_DATA EXTRACT_

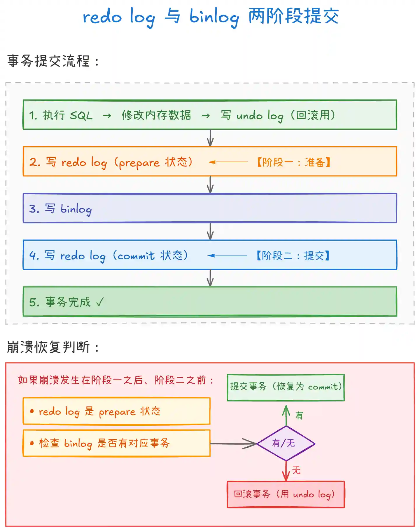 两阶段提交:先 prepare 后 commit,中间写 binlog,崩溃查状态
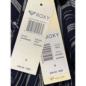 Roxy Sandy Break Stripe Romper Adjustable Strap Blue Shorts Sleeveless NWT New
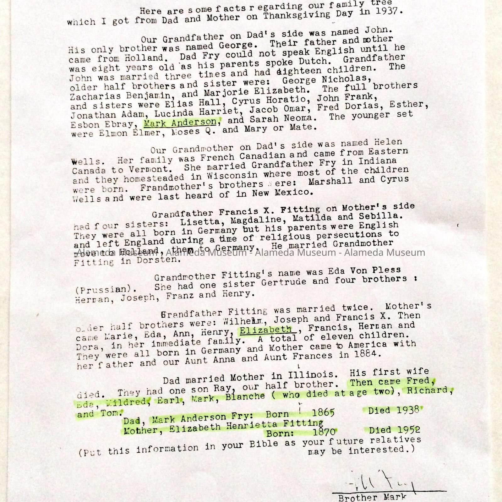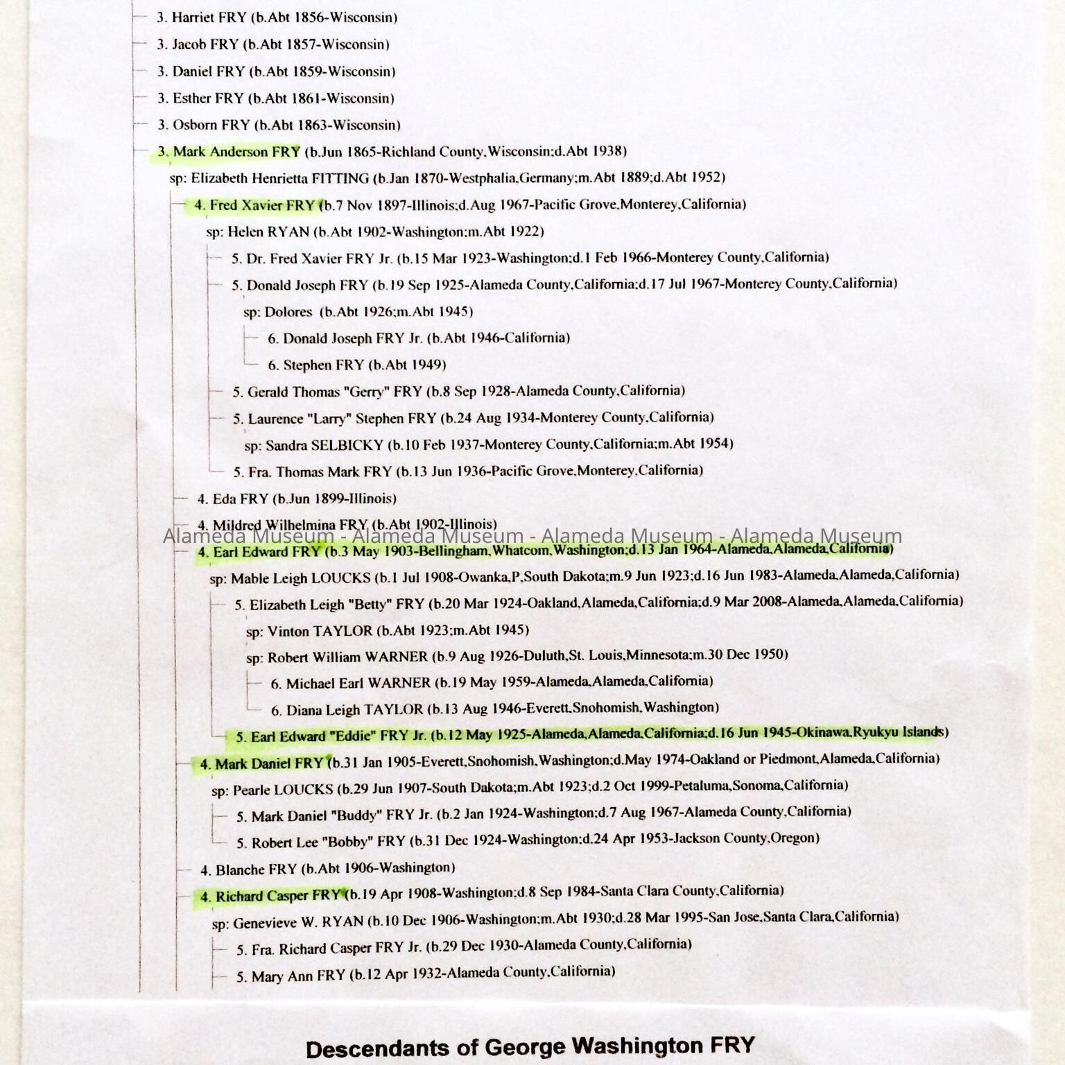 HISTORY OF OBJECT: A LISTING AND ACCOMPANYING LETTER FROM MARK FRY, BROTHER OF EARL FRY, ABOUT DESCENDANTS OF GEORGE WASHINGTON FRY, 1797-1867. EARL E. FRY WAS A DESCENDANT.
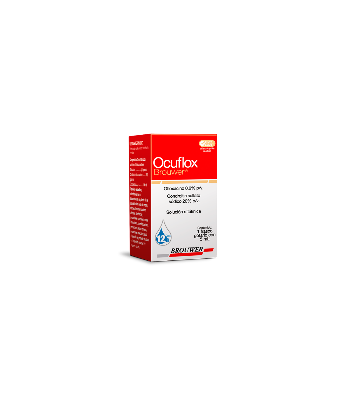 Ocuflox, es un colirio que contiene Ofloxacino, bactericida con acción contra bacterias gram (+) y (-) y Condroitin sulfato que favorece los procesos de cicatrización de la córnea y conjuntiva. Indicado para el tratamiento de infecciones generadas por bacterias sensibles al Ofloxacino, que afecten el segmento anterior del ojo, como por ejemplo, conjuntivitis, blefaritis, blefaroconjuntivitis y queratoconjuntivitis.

_WHAT TO WORK ON_
Give back the whole listing exactly, without pictures.

_EXERCISE OUTPUT_
 两阶段提交:先 prepare 后 commit,中间写 binlog,崩溃查状态
 Roxy Sandy Break Stripe Romper Adjustable Strap Blue Shorts Sleeveless NWT New
 HISTORY OF OBJECT: A LISTING AND ACCOMPANYING LETTER FROM MARK FRY, BROTHER OF EARL FRY, ABOUT DESCENDANTS OF GEORGE WASHINGTON FRY, 1797-1867. EARL E. FRY WAS A DESCENDANT.
 Ocuflox, es un colirio que contiene Ofloxacino, bactericida con acción contra bacterias gram (+) y (-) y Condroitin sulfato que favorece los procesos de cicatrización de la córnea y conjuntiva. Indicado para el tratamiento de infecciones generadas por bacterias sensibles al Ofloxacino, que afecten el segmento anterior del ojo, como por ejemplo, conjuntivitis, blefaritis, blefaroconjuntivitis y queratoconjuntivitis.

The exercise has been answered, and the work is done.